■ What to produce ■
Write every line below out again exactly, images omitted.

■ Given information ■
==*==
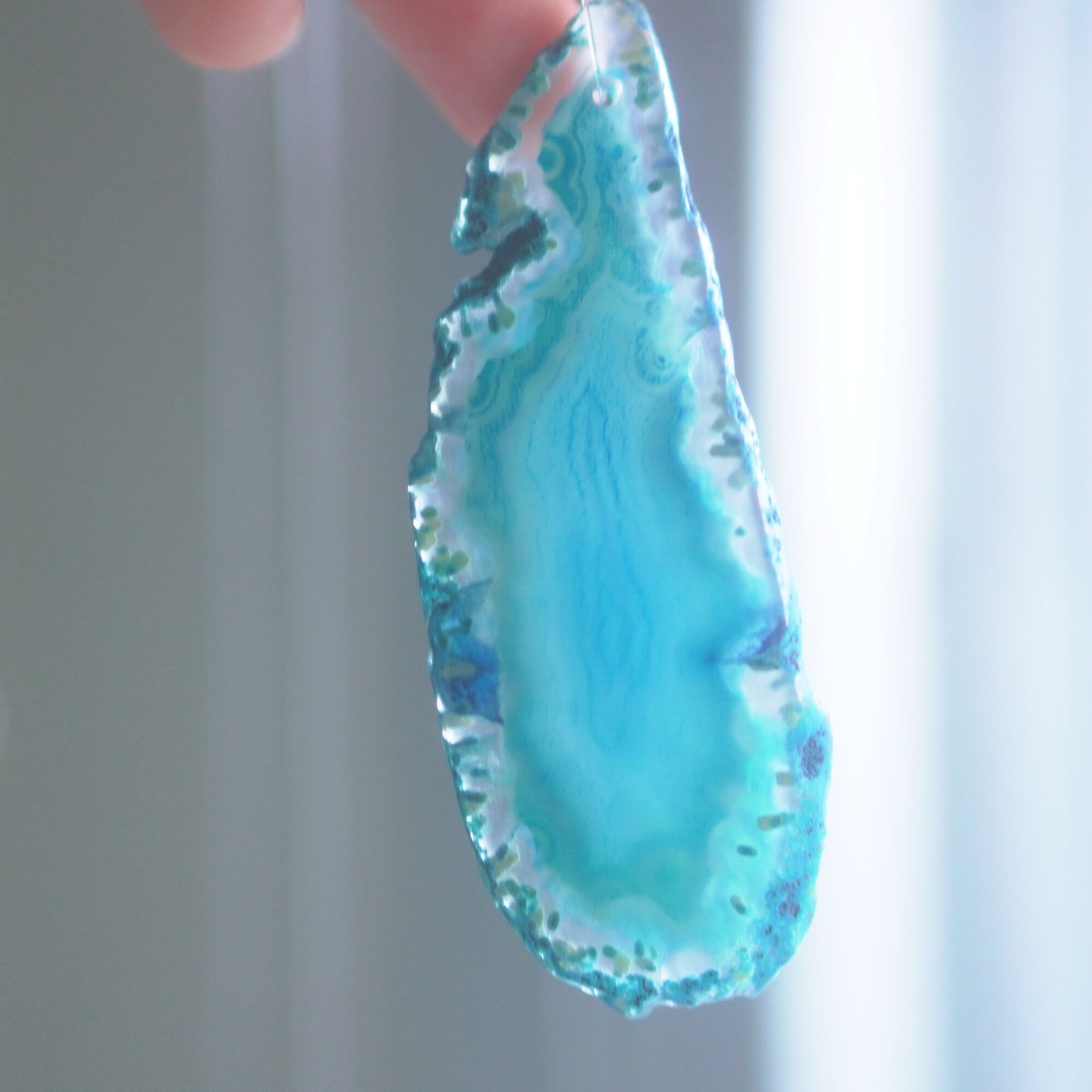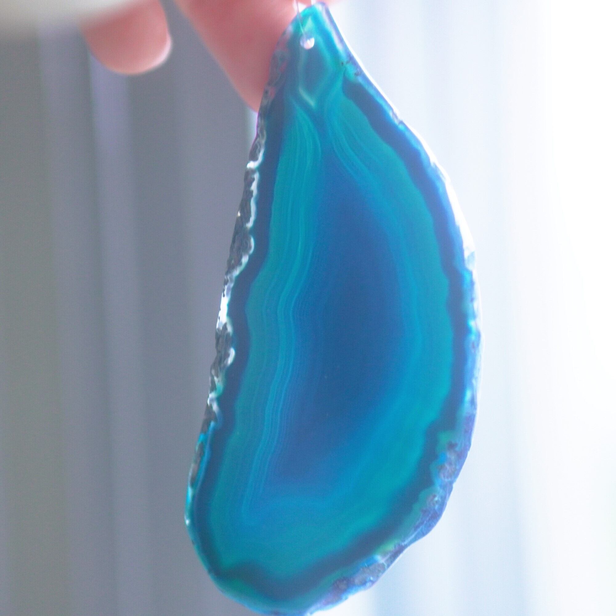 ✧染色の石なので耐光性(光による経年でのカラー変化の耐性)に優れているわけではなくベランダなど一日の中で長時間強い日光に当たるような場所に飾られるのはおすすめしないのですが、陽光に透かした時にだけ真価を発揮する美しさがありますので、是非、時折翳したりして光と一緒にお楽しみいただけたらと思います。特に濃い鮮やかな色など、色変化が気になられる場合は、日光のあまり当たらない場所に飾ってくださいね✧
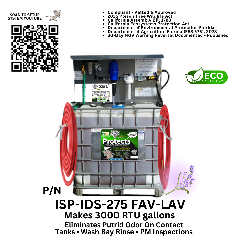 This concentrated 275-gallon tote comes with a dilution system that needs no electricity and uses only water pressure from the spigot. It pumps 14 gallons per minute and lets your trucks fill their odor stands without the hassle of a backed-up fleet waiting to make money! Odor Eliminator & Pest Deterrent • Hyper Green • contains No VOC compounds. Eliminates Odor on Contact. Vetted by the DEP and peer-reviewed for the only product to help your commercial customers. No More musical dumpsters when your driver hits the account. Eliminates Odor and stops pests inside dumpsters. Prevents pest nesting and infestation. Infinity Shields Protects creates a hyper-green, eco-friendly mist that eliminates odor and drives pests away. non slippery finish. Brings No harm to the site, the environment, or human health. The only scientifically developed odor eliminator and olfactory-deterrent that disrupts the odor molecule as well as pest sensory pathways, making the treated area odor-free and pest uninhabitable. Designed specifically for hauling facilities in the solid waste industry, tested and proven since 2015, this odor eliminate forms an invisible barrier of protection on any surface. eliminating the worst putrid odors, enhancing sanitation operations inside the tipping floor, and supporting compliance with modern environmental regulations. Regulatory & Environmental Approval & Compliance: Department of Environmental Ser. 2015 Hydrosphere Research 2016 Industrial Hygiene Resources 2018 Product Safety Labs 2018-2021 Department of Agriculture 2023, Approved for direct application under Florida Dept. of Agriculture FSS 576 Rule 5E, for direct application to bio-compost, leachate, sewage, sludge, and landfill surfaces. 2020 Most Innovative Product of the Year Home Depot. 2020 Top 5 Finalist for Sustainability Home Depot. Complies with the 2025 Poison-Free Wildlife Act, supporting EPA and DPR restrictions on SGARs and FGARs rodent anticoagulants by offering a non-lethal, non-toxic alternative to rodenticides laws. Proven Results Across Waste Management Fleets since 2015: Peer Reviewed and Published 2016 WAM Vol 16 Key Benefits: ✔ Contains No VOC Compounds ✔ Stops odor on contact and prevents pests nesting and pest intrusion ✔ No off-gassing, cab safe ✔ Application rate 500 to 1 ✔ EPA, DPR, SGAR, and FGAR-compliant – Zero pest mortality rate, Contains No Nitrates, No Phosphates, No BODs No CODs. ✔ DOA-approved for direct contact with all waste materials. ✔ Eliminates odor from chicken renderings and sludge on contact. ✔ Sustainable, safe, and free from toxic bait chemicals – Keeps staff safe ✔ Facility safe for inside use |
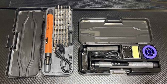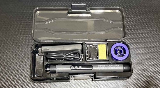 専用のケースの中にコテ置き台・USBケーブル・コテ先ケース・ハンダが納ま
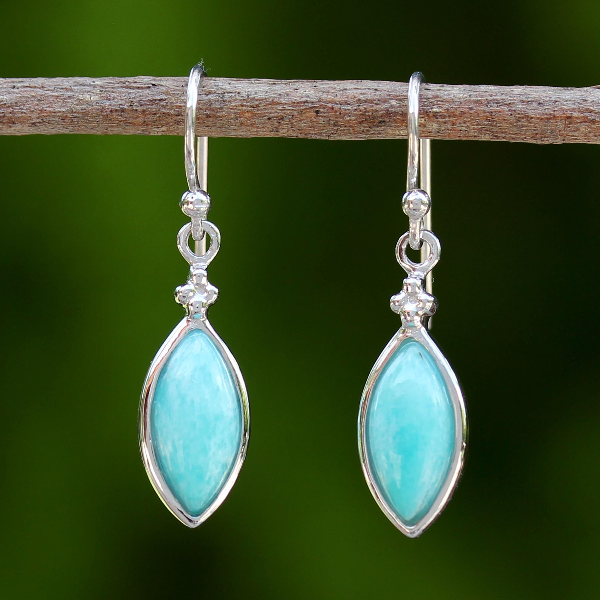 Knowing eyes dangle from the ears on hooks made from rhodium plated sterling silver, designed by Michael Krainer. Fitted with pieces of sky blue reconstituted turquoise, these dangle earrings from Thailand bring a striking beauty to the wearer.
==*==
■ Reply to the exercise ■
 ✧染色の石なので耐光性(光による経年でのカラー変化の耐性)に優れているわけではなくベランダなど一日の中で長時間強い日光に当たるような場所に飾られるのはおすすめしないのですが、陽光に透かした時にだけ真価を発揮する美しさがありますので、是非、時折翳したりして光と一緒にお楽しみいただけたらと思います。特に濃い鮮やかな色など、色変化が気になられる場合は、日光のあまり当たらない場所に飾ってくださいね✧
 This concentrated 275-gallon tote comes with a dilution system that needs no electricity and uses only water pressure from the spigot. It pumps 14 gallons per minute and lets your trucks fill their odor stands without the hassle of a backed-up fleet waiting to make money! Odor Eliminator & Pest Deterrent • Hyper Green • contains No VOC compounds. Eliminates Odor on Contact. Vetted by the DEP and peer-reviewed for the only product to help your commercial customers. No More musical dumpsters when your driver hits the account. Eliminates Odor and stops pests inside dumpsters. Prevents pest nesting and infestation. Infinity Shields Protects creates a hyper-green, eco-friendly mist that eliminates odor and drives pests away. non slippery finish. Brings No harm to the site, the environment, or human health. The only scientifically developed odor eliminator and olfactory-deterrent that disrupts the odor molecule as well as pest sensory pathways, making the treated area odor-free and pest uninhabitable. Designed specifically for hauling facilities in the solid waste industry, tested and proven since 2015, this odor eliminate forms an invisible barrier of protection on any surface. eliminating the worst putrid odors, enhancing sanitation operations inside the tipping floor, and supporting compliance with modern environmental regulations. Regulatory & Environmental Approval & Compliance: Department of Environmental Ser. 2015 Hydrosphere Research 2016 Industrial Hygiene Resources 2018 Product Safety Labs 2018-2021 Department of Agriculture 2023, Approved for direct application under Florida Dept. of Agriculture FSS 576 Rule 5E, for direct application to bio-compost, leachate, sewage, sludge, and landfill surfaces. 2020 Most Innovative Product of the Year Home Depot. 2020 Top 5 Finalist for Sustainability Home Depot. Complies with the 2025 Poison-Free Wildlife Act, supporting EPA and DPR restrictions on SGARs and FGARs rodent anticoagulants by offering a non-lethal, non-toxic alternative to rodenticides laws. Proven Results Across Waste Management Fleets since 2015: Peer Reviewed and Published 2016 WAM Vol 16 Key Benefits: ✔ Contains No VOC Compounds ✔ Stops odor on contact and prevents pests nesting and pest intrusion ✔ No off-gassing, cab safe ✔ Application rate 500 to 1 ✔ EPA, DPR, SGAR, and FGAR-compliant – Zero pest mortality rate, Contains No Nitrates, No Phosphates, No BODs No CODs. ✔ DOA-approved for direct contact with all waste materials. ✔ Eliminates odor from chicken renderings and sludge on contact. ✔ Sustainable, safe, and free from toxic bait chemicals – Keeps staff safe ✔ Facility safe for inside use |
 専用のケースの中にコテ置き台・USBケーブル・コテ先ケース・ハンダが納ま
 Knowing eyes dangle from the ears on hooks made from rhodium plated sterling silver, designed by Michael Krainer. Fitted with pieces of sky blue reconstituted turquoise, these dangle earrings from Thailand bring a striking beauty to the wearer.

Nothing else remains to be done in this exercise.